What is expected:
The answer must be only the lines below from the one holding "德沃仕 食品级不锈钢炒锅三件套 蜂窝悬浮不粘炒锅 汤锅 炖锅 炒锅 三件套" down to the one holding "змішувача, мм | 445 |", ends included, printed exactly; please omit all pictures.

---- Recorded data

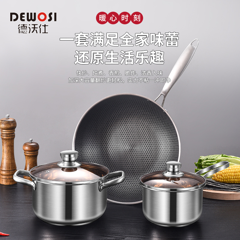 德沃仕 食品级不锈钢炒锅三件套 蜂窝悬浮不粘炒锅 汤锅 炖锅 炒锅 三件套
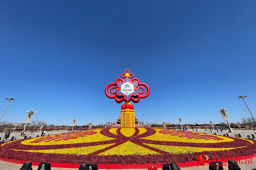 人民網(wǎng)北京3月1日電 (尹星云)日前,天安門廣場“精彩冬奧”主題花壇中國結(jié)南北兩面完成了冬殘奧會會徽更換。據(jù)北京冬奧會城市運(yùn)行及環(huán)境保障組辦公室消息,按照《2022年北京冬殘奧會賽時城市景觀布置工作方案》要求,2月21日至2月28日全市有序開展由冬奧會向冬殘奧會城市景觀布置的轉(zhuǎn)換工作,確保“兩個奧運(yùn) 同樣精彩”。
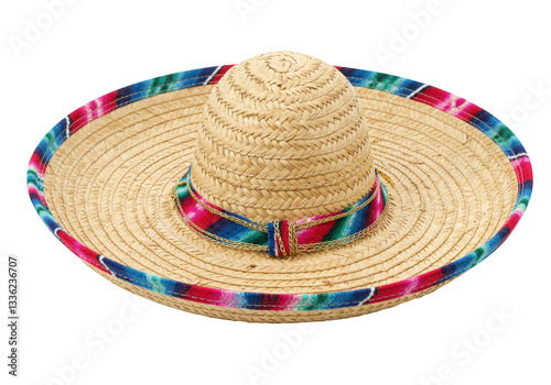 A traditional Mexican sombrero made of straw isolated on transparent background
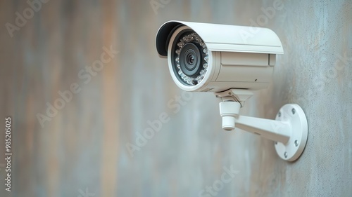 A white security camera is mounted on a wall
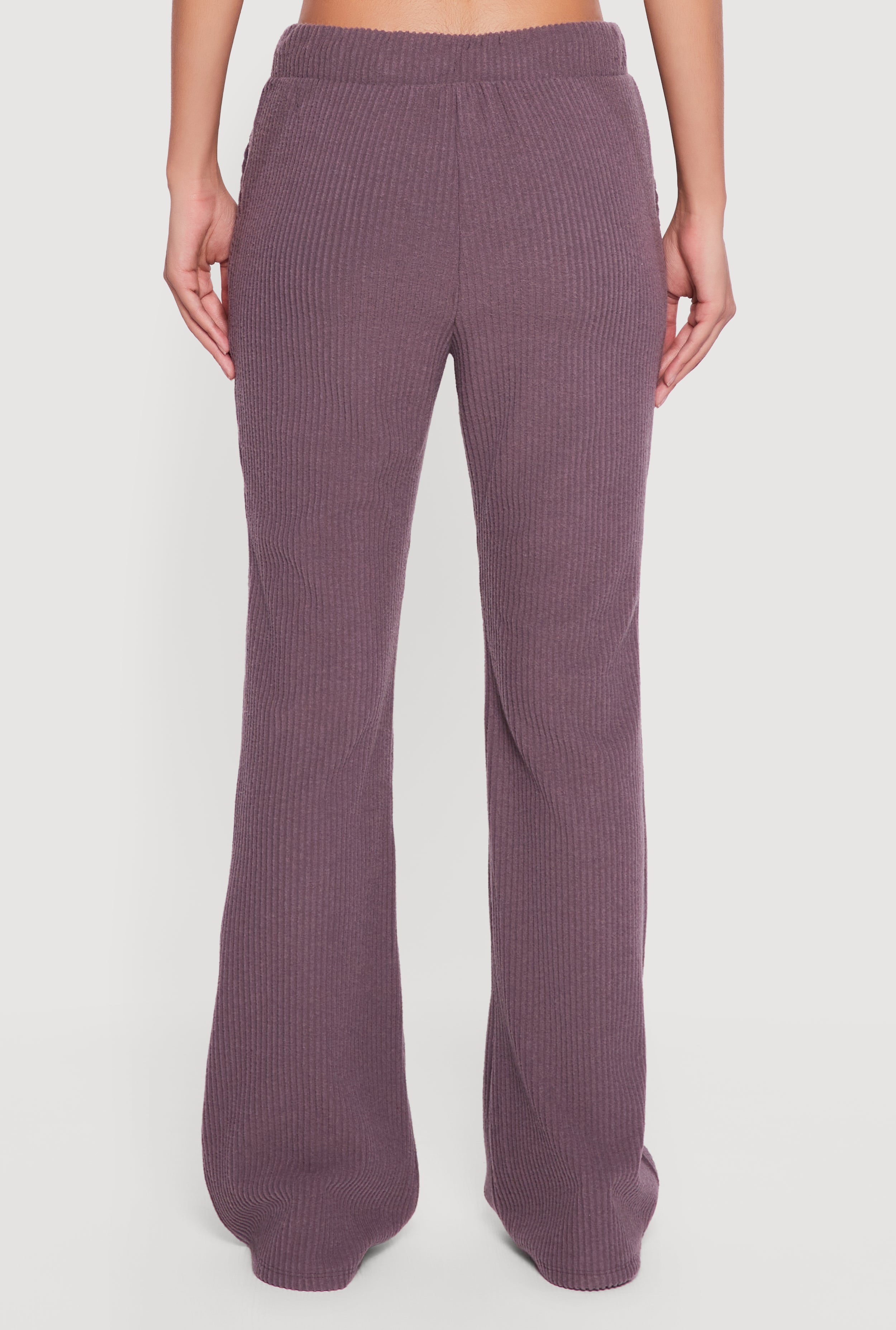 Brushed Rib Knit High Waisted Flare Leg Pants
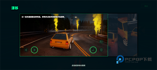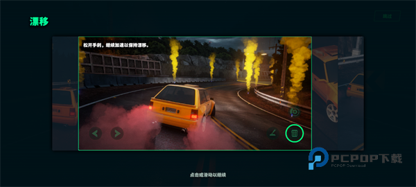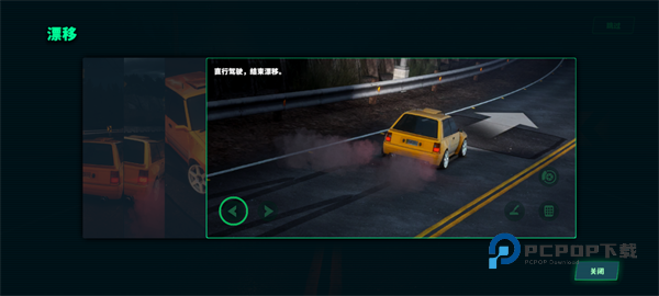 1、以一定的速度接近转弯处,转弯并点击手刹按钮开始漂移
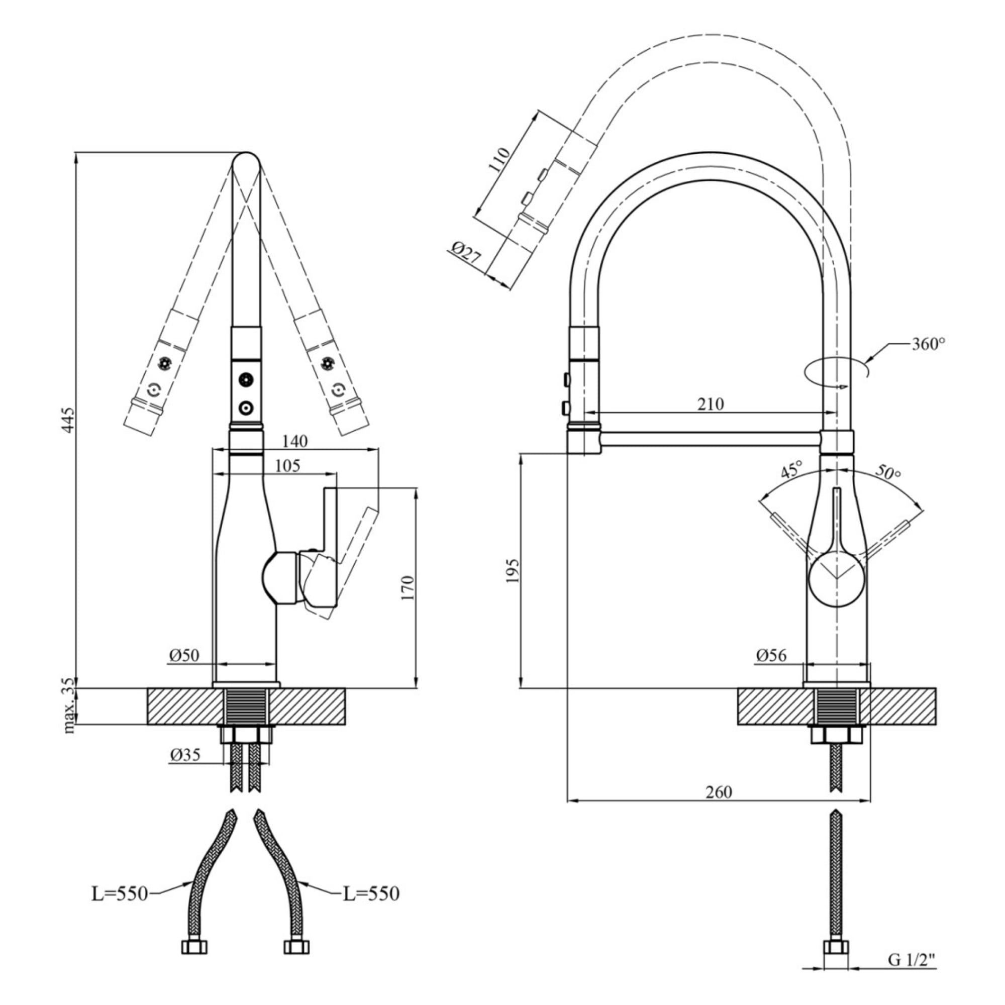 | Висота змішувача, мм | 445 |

--------
---- Recorded data

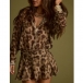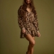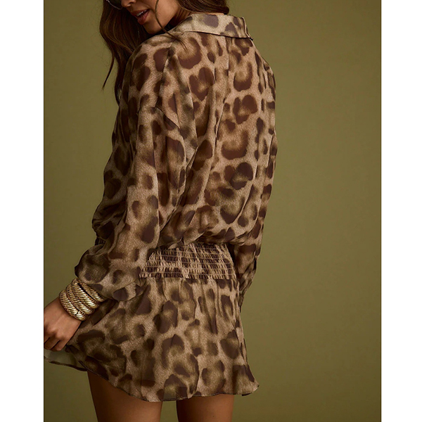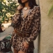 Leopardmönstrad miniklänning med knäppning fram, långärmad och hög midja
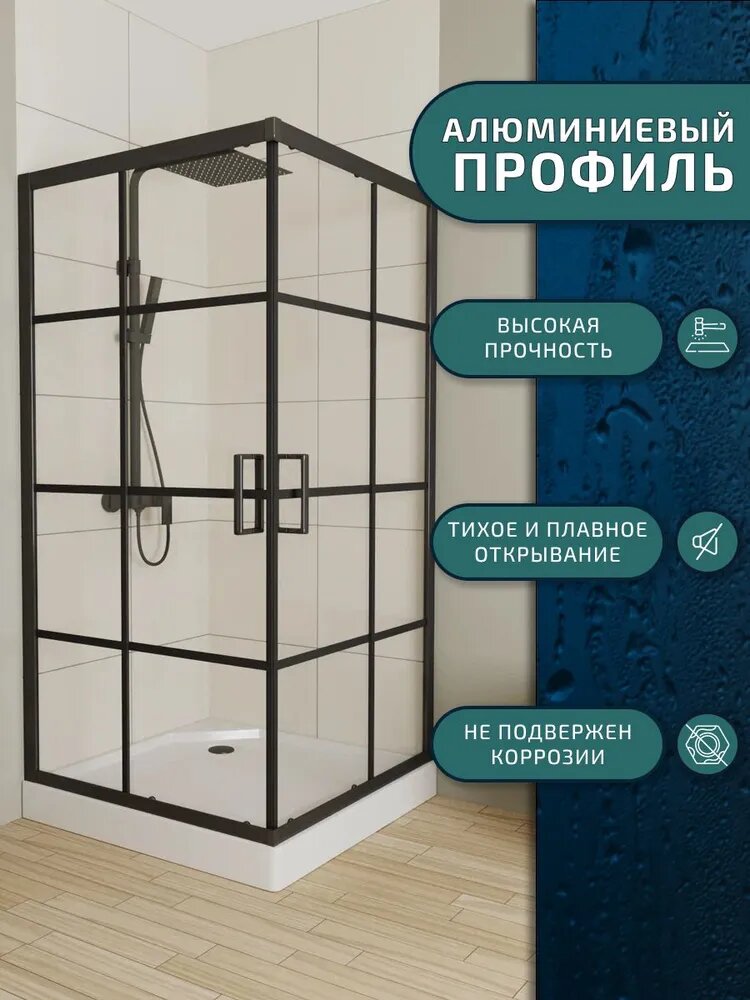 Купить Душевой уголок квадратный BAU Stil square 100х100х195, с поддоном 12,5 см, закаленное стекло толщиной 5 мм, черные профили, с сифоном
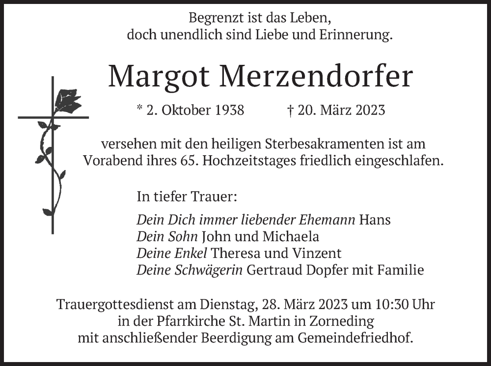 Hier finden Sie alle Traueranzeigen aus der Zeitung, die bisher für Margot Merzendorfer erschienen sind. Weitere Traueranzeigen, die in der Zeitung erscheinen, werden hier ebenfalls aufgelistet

--------

Written answer:
 德沃仕 食品级不锈钢炒锅三件套 蜂窝悬浮不粘炒锅 汤锅 炖锅 炒锅 三件套
 人民網(wǎng)北京3月1日電 (尹星云)日前,天安門廣場“精彩冬奧”主題花壇中國結(jié)南北兩面完成了冬殘奧會會徽更換。據(jù)北京冬奧會城市運(yùn)行及環(huán)境保障組辦公室消息,按照《2022年北京冬殘奧會賽時城市景觀布置工作方案》要求,2月21日至2月28日全市有序開展由冬奧會向冬殘奧會城市景觀布置的轉(zhuǎn)換工作,確保“兩個奧運(yùn) 同樣精彩”。
 A traditional Mexican sombrero made of straw isolated on transparent background
 A white security camera is mounted on a wall
 Brushed Rib Knit High Waisted Flare Leg Pants
 1、以一定的速度接近转弯处,转弯并点击手刹按钮开始漂移
 | Висота змішувача, мм | 445 |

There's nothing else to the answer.